WORK ORDER
Among the entries below, the lines from the one with "学校安排下午两点正式开始上课" up to and including the one with "Оснащён легкозаменяемыми магнитными" are to be restated exactly, without pictures.

INPUT RECORDS
--

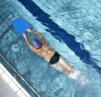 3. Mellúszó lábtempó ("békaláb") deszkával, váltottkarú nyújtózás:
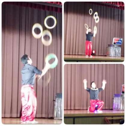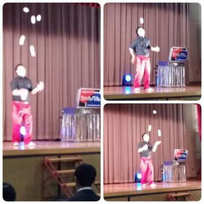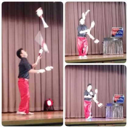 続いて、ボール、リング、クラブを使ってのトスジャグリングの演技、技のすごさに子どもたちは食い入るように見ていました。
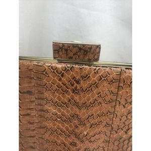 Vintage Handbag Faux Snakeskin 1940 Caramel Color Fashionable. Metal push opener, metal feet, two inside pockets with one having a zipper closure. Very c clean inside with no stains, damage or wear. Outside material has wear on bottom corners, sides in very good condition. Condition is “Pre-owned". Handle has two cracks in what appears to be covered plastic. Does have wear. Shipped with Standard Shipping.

--

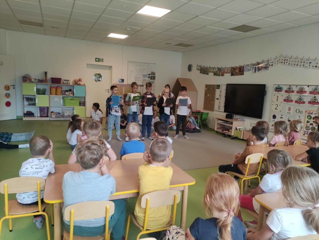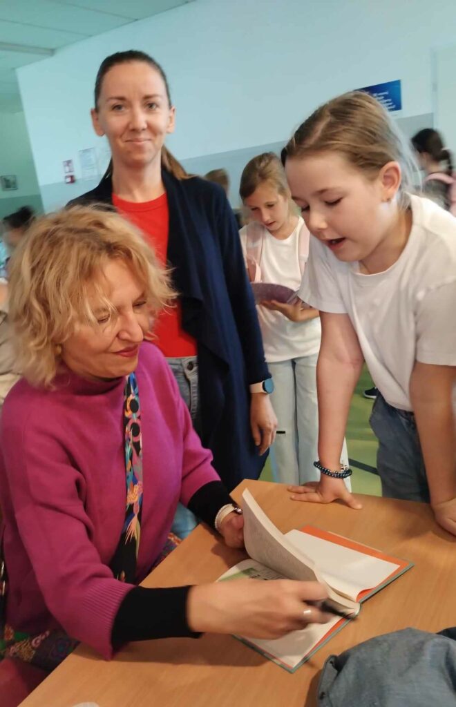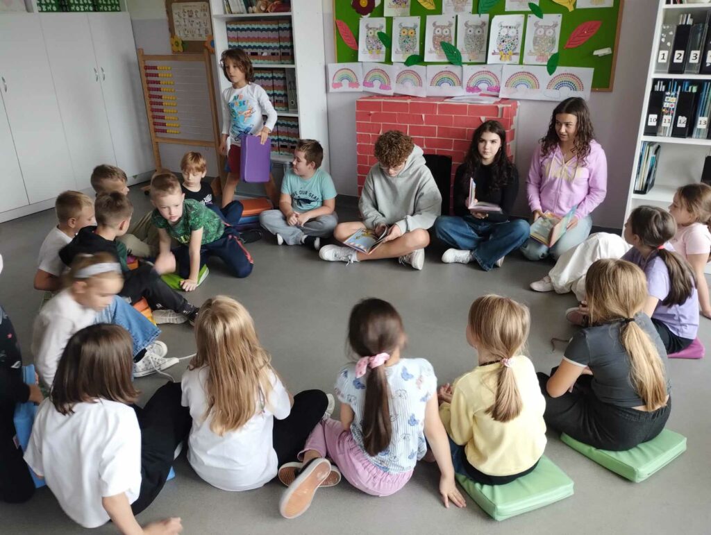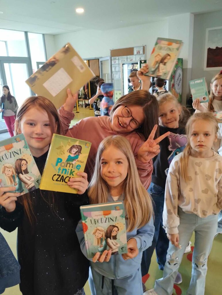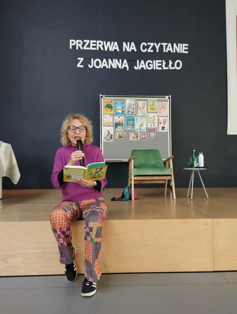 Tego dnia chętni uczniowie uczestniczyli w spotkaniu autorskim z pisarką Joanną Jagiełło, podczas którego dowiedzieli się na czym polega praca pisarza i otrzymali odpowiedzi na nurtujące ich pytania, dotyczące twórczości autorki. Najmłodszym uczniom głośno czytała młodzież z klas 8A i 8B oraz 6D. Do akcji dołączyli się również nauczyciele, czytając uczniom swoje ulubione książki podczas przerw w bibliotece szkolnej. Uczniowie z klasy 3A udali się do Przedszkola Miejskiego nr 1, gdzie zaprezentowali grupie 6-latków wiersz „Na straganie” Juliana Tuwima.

--

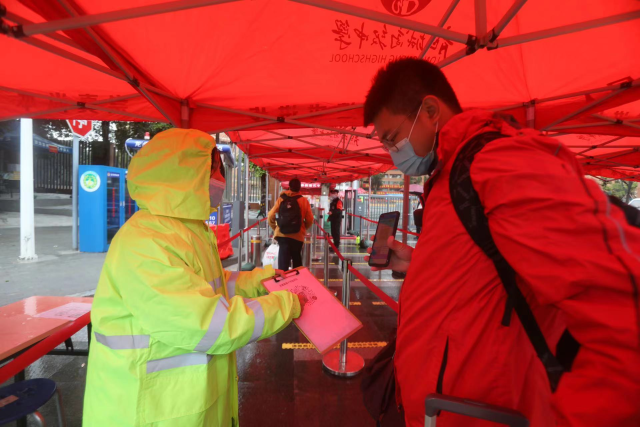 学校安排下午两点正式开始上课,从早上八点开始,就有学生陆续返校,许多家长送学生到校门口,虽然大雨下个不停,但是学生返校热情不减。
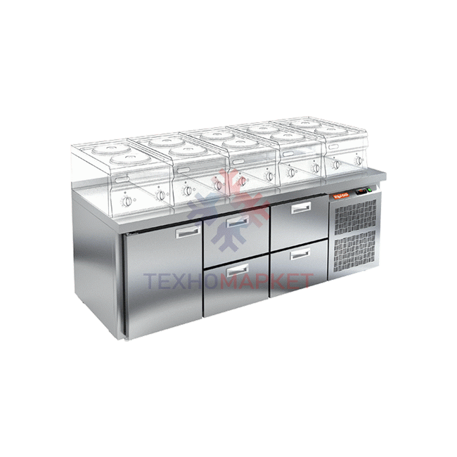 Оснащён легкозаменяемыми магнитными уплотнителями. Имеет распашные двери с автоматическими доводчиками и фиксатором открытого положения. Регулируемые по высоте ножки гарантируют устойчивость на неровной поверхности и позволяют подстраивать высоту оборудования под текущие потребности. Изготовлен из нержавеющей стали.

--

RESPONSE TO THE EXERCISE
 学校安排下午两点正式开始上课,从早上八点开始,就有学生陆续返校,许多家长送学生到校门口,虽然大雨下个不停,但是学生返校热情不减。
 Оснащён легкозаменяемыми магнитными уплотнителями. Имеет распашные двери с автоматическими доводчиками и фиксатором открытого положения. Регулируемые по высоте ножки гарантируют устойчивость на неровной поверхности и позволяют подстраивать высоту оборудования под текущие потребности. Изготовлен из нержавеющей стали.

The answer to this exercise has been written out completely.